Abbreviations: BN, Bavarian Nordic; DPX, DepoVax; MVA, modified Vaccinia Ankara virus; NCT, National Clinical Trial; NIAD, National Institute of Allergy and Infectious Diseases; NIH, National Institutes of Health; RSV, respiratory syncytial virus; SeVRSV, Sendai virus vectored respiratory syncytial virus; VRC, Vaccine Research Center

Note: Each box (listing the developing organization and the NCT number) represents a vaccine candidate in a phase of clinical development. As the phase of development increases the colour of the box becomes darker. These boxes are organized by the target population that closely aligns with the populations at risk for severe disease. As with other vaccines in development, early Phase 1 clinical trials that assess safety are done in healthy adults and later stages of clinical trials (Phases 2 and 3) are done in the target population of interest to assess efficacy and effectiveness

Adapted from: Graham (2019) (8)

Live-attenuated vaccines

Live-attenuated vaccines are versions of RSV that are able to replicate but have been modified to discourage severe disease. They can be created by traditional techniques (i.e. temperature or chemical sensitivity) or by reverse genetics to create an attenuated-replication competent vaccine. The challenge of this technique is to decrease the pathogenicity of the virus but to maintain the replicative function to stimulate immune responses. One of the key downsides, however, is the possibility of partial reversion to wild-type virus (9).

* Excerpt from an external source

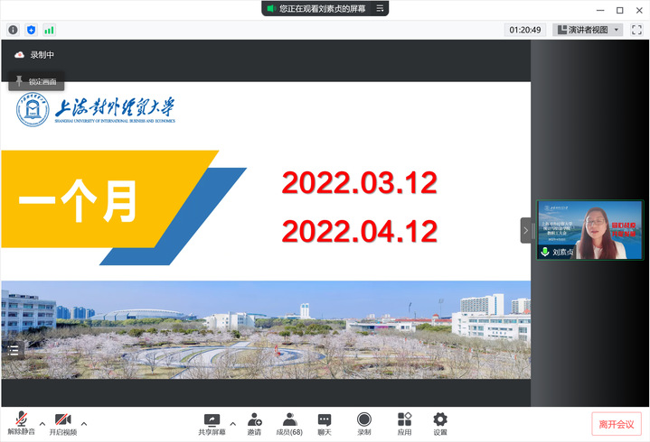 学院党委副书记(主持工作)刘素贞以“同心战疫 共促发展”为题就学院进一步统筹疫情防控和事业发展进行再动员和再部署。她首先向奋战在校内校外各个抗疫岗位上的全体教职工表示慰问和感谢,她以“六个一”:一个月、一个原则、一支队伍、一套措施、一个阵地、一种精神的关键词回顾和总结了一个月以来学院上下战疫情、促发展的情况,并进一步传达了当前上海市和学校防疫工作的最新要求。她就下一阶段的工作,希望学院全体教职工重点做到以下三点:一是要带头防控,严格贯彻执行上级部署,落实落细防控工作要求;二是要带头践行,关心关爱师生,校内校外共同守“沪”,助推学校和学院各项事业发展;三是要带头弘扬伟大抗疫精神,坚定必胜信心,汇聚智慧力量,相信在中央、上海市委、市教卫工作党委和学校党委的坚强领导下,一定会打赢防疫大仗硬仗。

This technique represents several advantages: possible needle-free delivery by intranasal administration; lack of enhanced disease (10); in the case of intranasal vaccines, replication in the presence of maternal antibodies (11); and stimulation of cellular and humoral immunity systemically and locally (12). No vaccine candidates of this type have progressed beyond Phase 2 clinical trials. The replicative nature of this vaccine and the reduced danger of ERD, makes it an attractive strategy for seronegative infants.

Vector-based vaccines

Vector-based vaccines are created from components of the RSV virus inserted into a carrier vector, to create a chimeric vector. This chimeric vector replicates according to the carrier vector properties and induces immune responses to both the insert and carrier sequences. The intent is for the carrier vector to enhance responses to the RSV components. This platform is attractive for both pediatric and older adult populations due to the reduced risk of ERD. Unlike live-attenuated vaccines, the chimeric nature of these vectors means there is no risk of reversion to wild-type RSV. In addition, replicating vectors are able to boost the immune responses to the inserted sequences. Several companies are using variations of this platform as RSV vaccine candidates. (See infographic for an overview of the products from each manufacturer).

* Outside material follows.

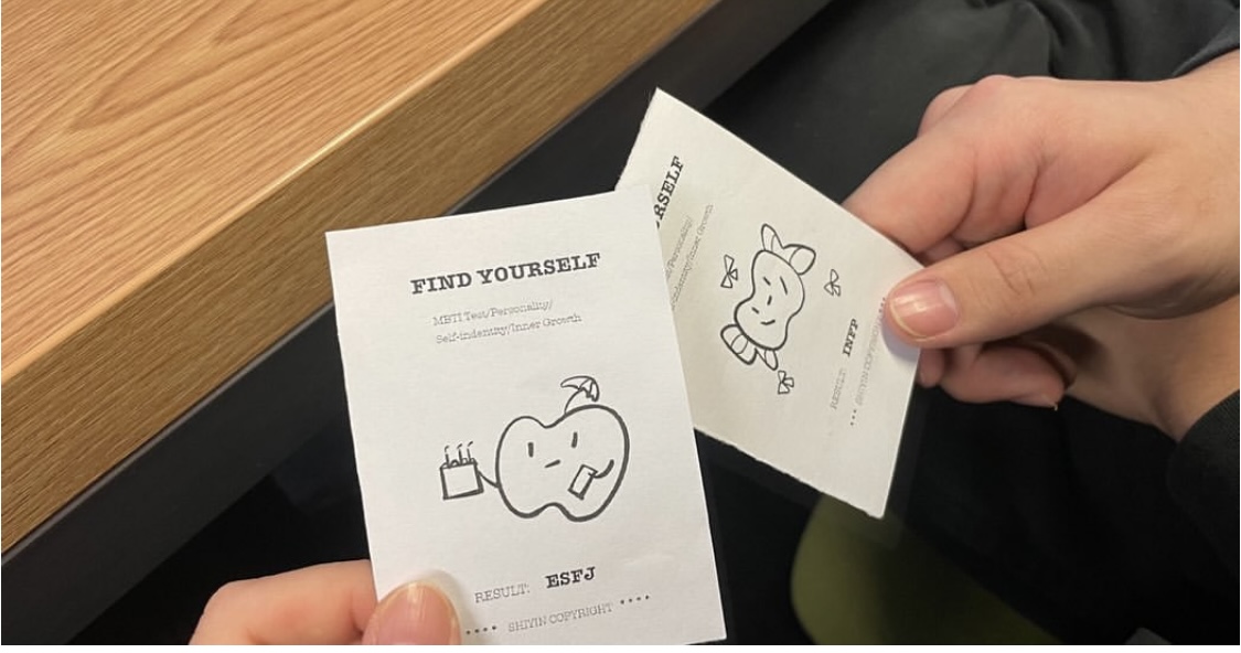 In the final work an interaction device was made using Arduino to encourage people to undertake personality testing while meeting with friends for coffee or dinner. The final results are printed as a receipt that can be kept or gifted to friends.

  • Bavarian Nordic (BN) is developing a vector from modified Vaccinia Ankara (MVA) virus, based on the orthopox virus used as a vaccine against smallpox. This vector is used to express several RSV antigens, including wild-type F, G, N, M2-1, and potentially other proteins. This candidate is in the Phase 2 clinical trials of MVA-BN-RSV in older adults [National Clinical Trial (NCT)02873286] for either a one or two-dose strategy via intramuscular route of administration. This trial has demonstrated that this vaccine induces both B and T-cell responses and neutralizing antibodies.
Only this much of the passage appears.